> [WHAT YOU WILL DO]
Your task is to reproduce the listing exactly, without its images.

DATASET EXCERPT START

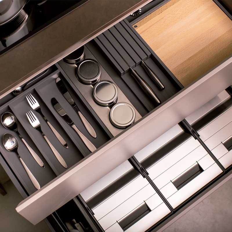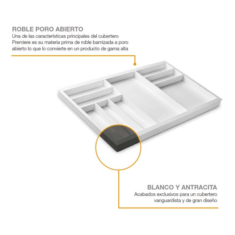 Porta talheres de madeira modelo Premiere para gavetas de cozinha. Disponível na cor branco ou antracite, e para diferentes medidas de móveis.
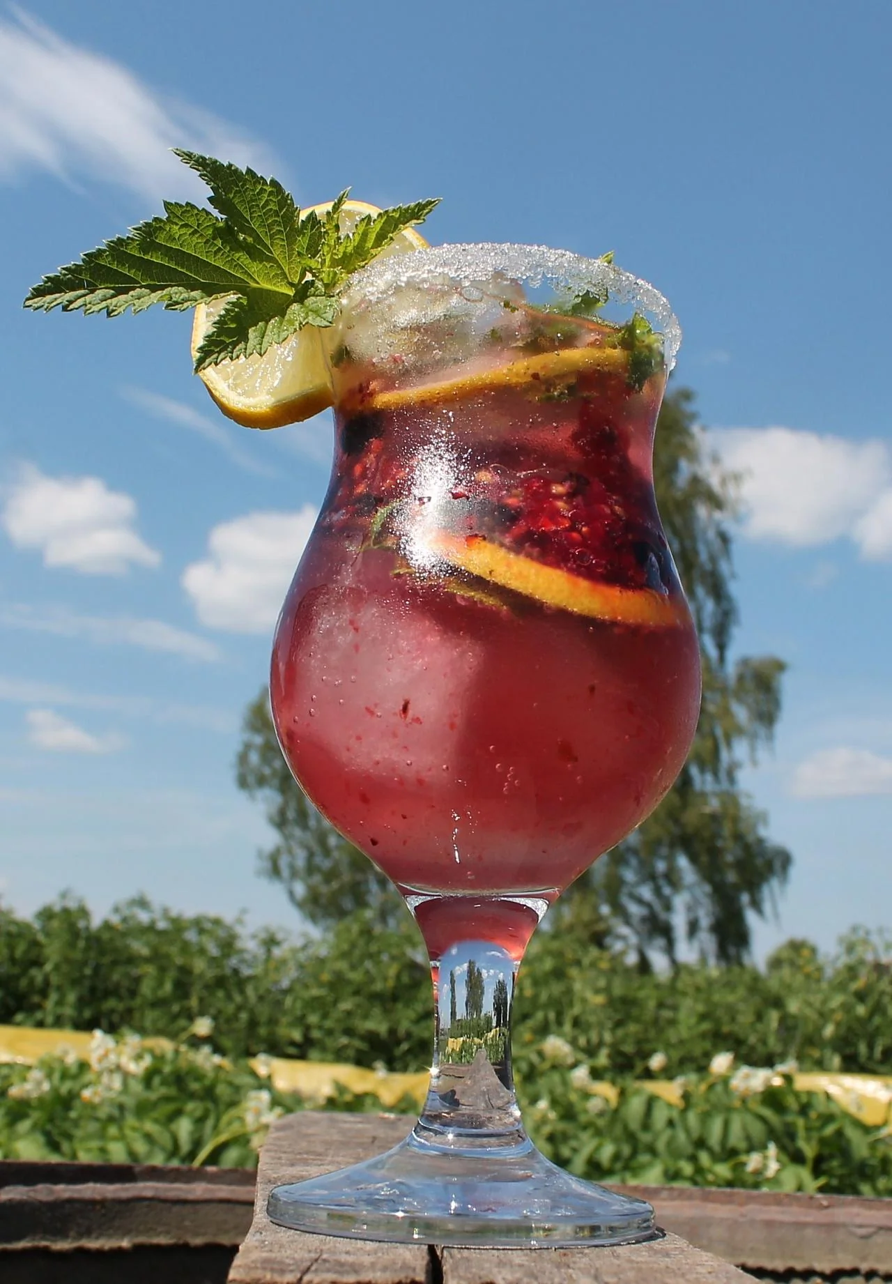 ШАГ 4 Поверх смородины в бокал выкладываем смесь лимона и листьев (мята+смородиновый лист).
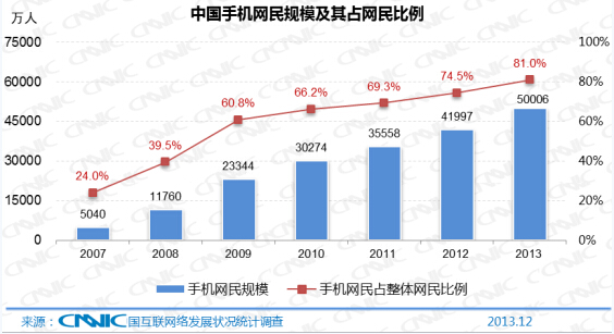 2014年第33次中國互聯(lián)網(wǎng)絡發(fā)展狀況統(tǒng)計報告,從數(shù)據(jù)中我們看出,截止到2013年12月份,中國的手機網(wǎng)民已經(jīng)達到5億人,和前一年相比增長了8009萬人。由此可見,中國的手機網(wǎng)民在逐年增加,并且呈穩(wěn)定增長的趨勢?,F(xiàn)在不管在什么公共場合,隨處可見的就是低著頭拿著手機在上網(wǎng)的情形,這就是我們所說的手機控。
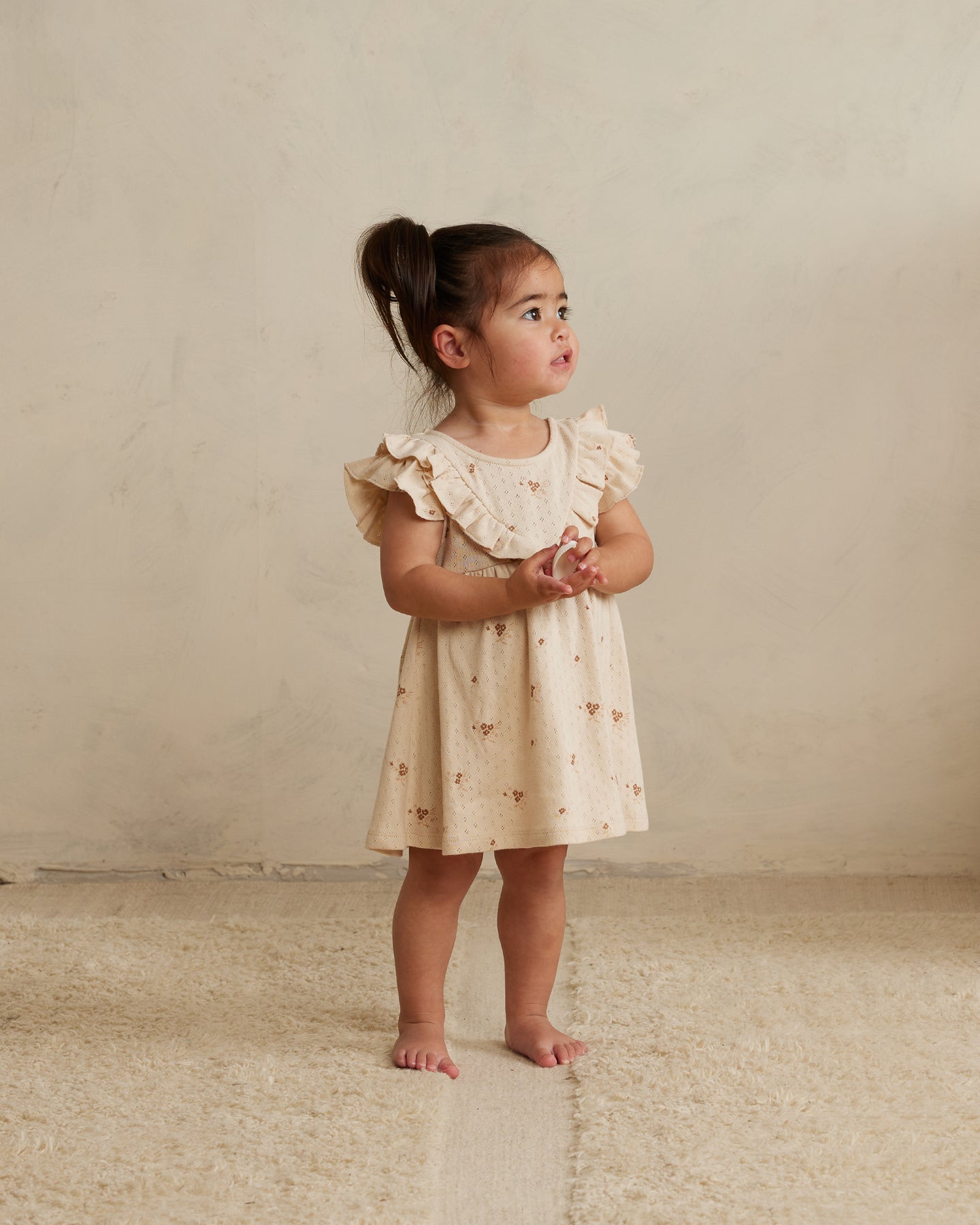 Flutter sleeve dress with sweet ruffle detail in our classic pointelle fabric. Button back closure for easy changing. All sizes include coordinating bloomers.

DATASET EXCERPT END

> [TASK SOLUTION]
 Porta talheres de madeira modelo Premiere para gavetas de cozinha. Disponível na cor branco ou antracite, e para diferentes medidas de móveis.
 ШАГ 4 Поверх смородины в бокал выкладываем смесь лимона и листьев (мята+смородиновый лист).
 2014年第33次中國互聯(lián)網(wǎng)絡發(fā)展狀況統(tǒng)計報告,從數(shù)據(jù)中我們看出,截止到2013年12月份,中國的手機網(wǎng)民已經(jīng)達到5億人,和前一年相比增長了8009萬人。由此可見,中國的手機網(wǎng)民在逐年增加,并且呈穩(wěn)定增長的趨勢?,F(xiàn)在不管在什么公共場合,隨處可見的就是低著頭拿著手機在上網(wǎng)的情形,這就是我們所說的手機控。
 Flutter sleeve dress with sweet ruffle detail in our classic pointelle fabric. Button back closure for easy changing. All sizes include coordinating bloomers.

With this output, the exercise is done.